温向晴一路半扶半搀着谢清凝走回座位,整个人依旧绷得紧紧的,那双平日里总是弯成月牙、盛满笑意的眼睛,此刻只剩下藏不住的慌张。
他把谢清凝小心翼翼地安置在椅子上,动作轻得像是对待一件易碎的瓷器,生怕自己稍一用力,就会让眼前人本就脆弱的状态变得更糟。紧接着他又飞快地跑去饮水机旁接了杯温水,脚步急得差点撞翻桌角堆叠的书本,杯中的温水晃出细微的涟漪,也晃出了他心底藏不住的慌乱。
“你快喝点水缓缓。”
温向晴把水杯递到谢清凝面前,指尖还在微微发颤,语气里满是抑制不住的自责,“是不是刚才撞得太狠了?都怪我,跟别人闹起来没个轻重,下次我再也不这样了,再也不毛手毛脚了。”

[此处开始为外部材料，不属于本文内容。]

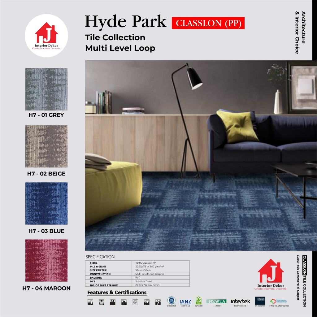 JDEKOR - Karpet Tile HYDE PARK Collection | Karpet Kantor 50 X 50 cm | Isi 5 Meter Per Segi/BOX | Isi 20 Lembar
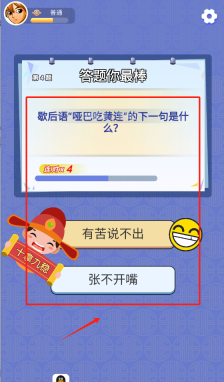 2、答题界面顶部显示当前关卡和进度条。题目是歇后语填空,选正确答案点对应卡通按钮,答对进度条会变长。

他絮絮叨叨地自责着,一句接一句,语气真诚又懊恼,全然没意识到自己此刻的紧张与在意,早已远远超出了普通兄弟该有的界限。若是有旁人在场,一眼便能看出这份关心里藏着的不同,可偏偏温向晴迟钝得很,把所有翻涌的情绪,都简单归类为兄弟间的担忧。
谢清凝抬眸看他,长睫像蝶翼般轻轻颤动,脸上那层不正常的潮红还未完全褪去,从下颌一路蔓延到耳尖,衬得他本就清浅柔和的眉眼多了几分易碎的美感。
他没有去接那杯温水,只是轻轻摇了摇头,指尖依旧不自觉地蜷缩着,掌心那几道被指甲深深掐出来的红痕还隐隐发烫,那是他方才强行压制心动与病痛留下的痕迹。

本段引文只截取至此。